Tips para una adaptación más rápida y segura
1. Preparar un espacio tranquilo
Lo ideal es que el gato tenga una habitación o rincón propio durante los primeros días. Allí debe contar con:
- Arenero limpio
- Agua fresca
- Comida
- Cama cómoda
- Rascador pequeño
En Lima y otras ciudades húmedas del Perú, se recomienda colocar mantas suaves y espacios cálidos para evitar que el gato duerma directamente sobre pisos fríos.
2. Respetar su tiempo
No se le debe obligar al gato a salir de su escondite ni cargarlo constantemente. Algunos se adaptan en días y otros en semanas.
Hablarle con voz suave y permanecer cerca mientras come ayuda a generar confianza poco a poco.
3. Elegir una alimentación adecuada
Muchos gatos rescatados llegan con sensibilidad digestiva por cambios bruscos en la alimentación.
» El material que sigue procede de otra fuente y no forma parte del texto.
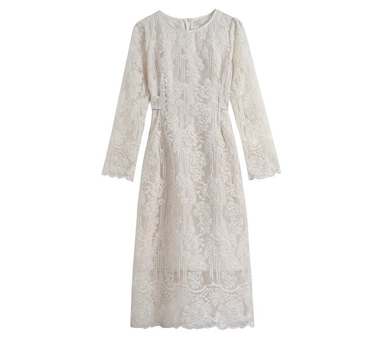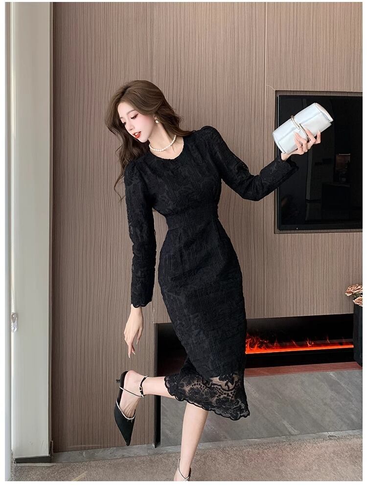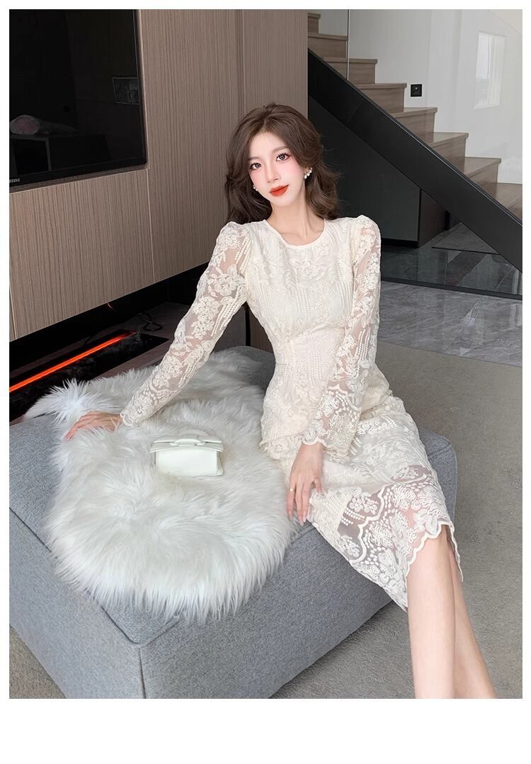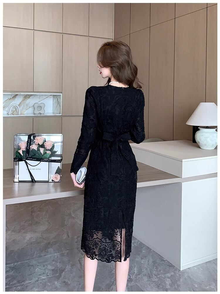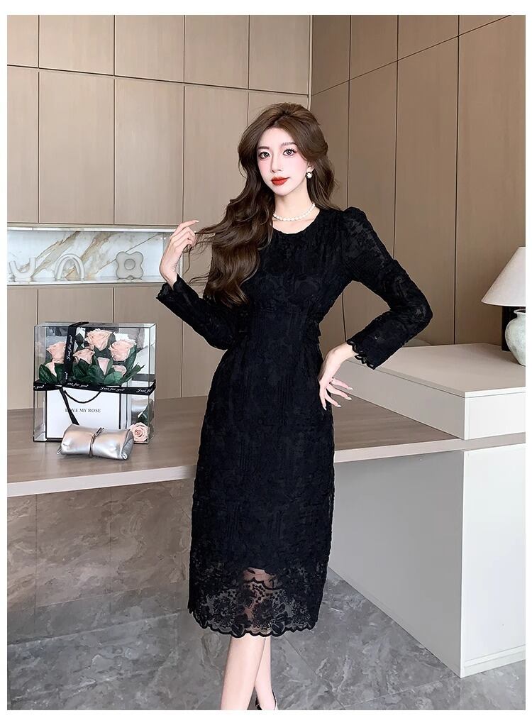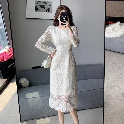 レディース ワンピース ドレス 膝下 ミモレ 長袖 ラウンドネック タイト スリム 細身 レース ウエストマーク バックリボン バックスリット 透け感 かわいい 大人可愛い きれいめ シンプル 上品 おしゃれ かっこいい エレガント フラワー 春 秋 デート お出かけ パーティー イベント レストラン ホテル ショッピング 発表会 コンサート コーデ 楽ちん 美脚 脚長 普段使い モテ 清楚 スタイルアップ S M L XL 2XL アプリコット ブラック ベーシックカラー 大人カラー 春カラー 秋カラー
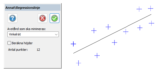 Kommando för att räkna ut regressionslinje enligt minsta kvadratmetoden. Summan av alla vinkelräta avstånd minimeras till det lägsta möjliga.

En veterinarias y pet shops peruanos suelen encontrarse opciones accesibles y de buena calidad para una transición progresiva.
Lo recomendable es:
- Mantener horarios fijos de comida
- Evitar darle restos de comida casera condimentada
- Introducir nuevos alimentos gradualmente
4. Llevarlo al veterinario
Una revisión veterinaria temprana permite descartar parásitos, infecciones o problemas respiratorios, especialmente frecuentes en gatos rescatados de la calle.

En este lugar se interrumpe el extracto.